Segment Start: Data segment

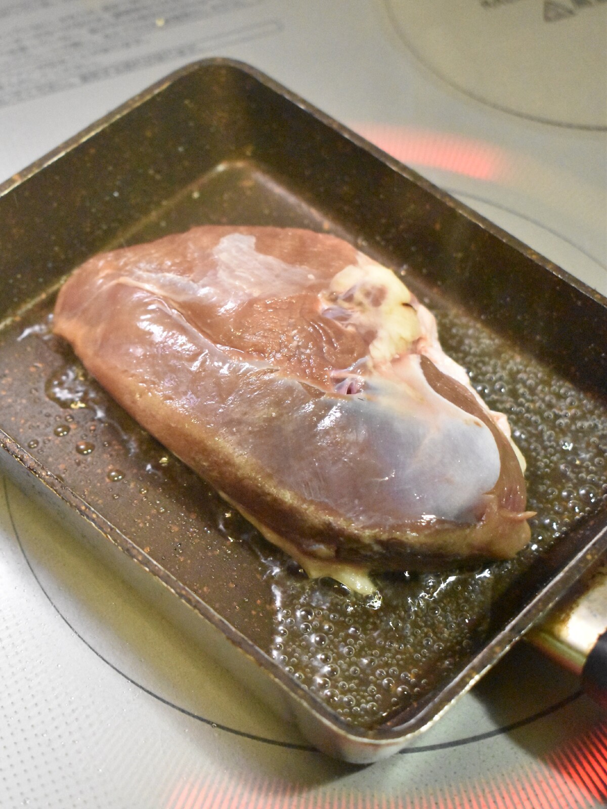 4.皮の部分がカリっとなるまで焼けたらひっくり返して弱火で5分焼きます
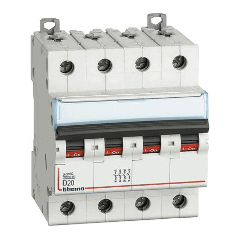 Bticino Thermisch-magnetischer Schutzschalter 20A 4 Pole 6KA Kurve D 4 Module FN84D20
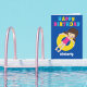 Awesome kids swimming pool party Happy Birthday card for a brunette child on the swim team during the summer. Features a bright, fun pop of colours and an adorable swimming girl in an inner tube. Customise for a special children's gift.
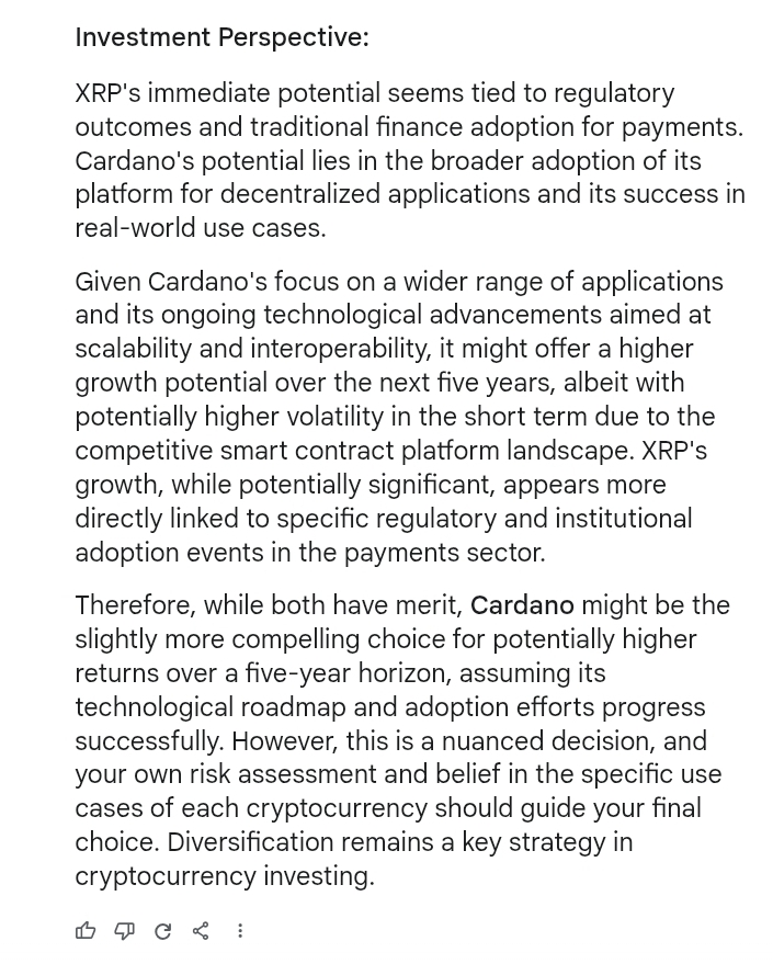 On the other hand, Google Gemini leaned slightly in favor of Cardano. It acknowledged XRP’s strengths in the payments sector but highlighted the ongoing regulatory risks and the asset’s reliance on institutional finance adoption.

Segment End: Data segment

What is required: Would you print the material exactly once more, without any of its pictures?

Task solution:
 4.皮の部分がカリっとなるまで焼けたらひっくり返して弱火で5分焼きます
 Bticino Thermisch-magnetischer Schutzschalter 20A 4 Pole 6KA Kurve D 4 Module FN84D20
 Awesome kids swimming pool party Happy Birthday card for a brunette child on the swim team during the summer. Features a bright, fun pop of colours and an adorable swimming girl in an inner tube. Customise for a special children's gift.
 On the other hand, Google Gemini leaned slightly in favor of Cardano. It acknowledged XRP’s strengths in the payments sector but highlighted the ongoing regulatory risks and the asset’s reliance on institutional finance adoption.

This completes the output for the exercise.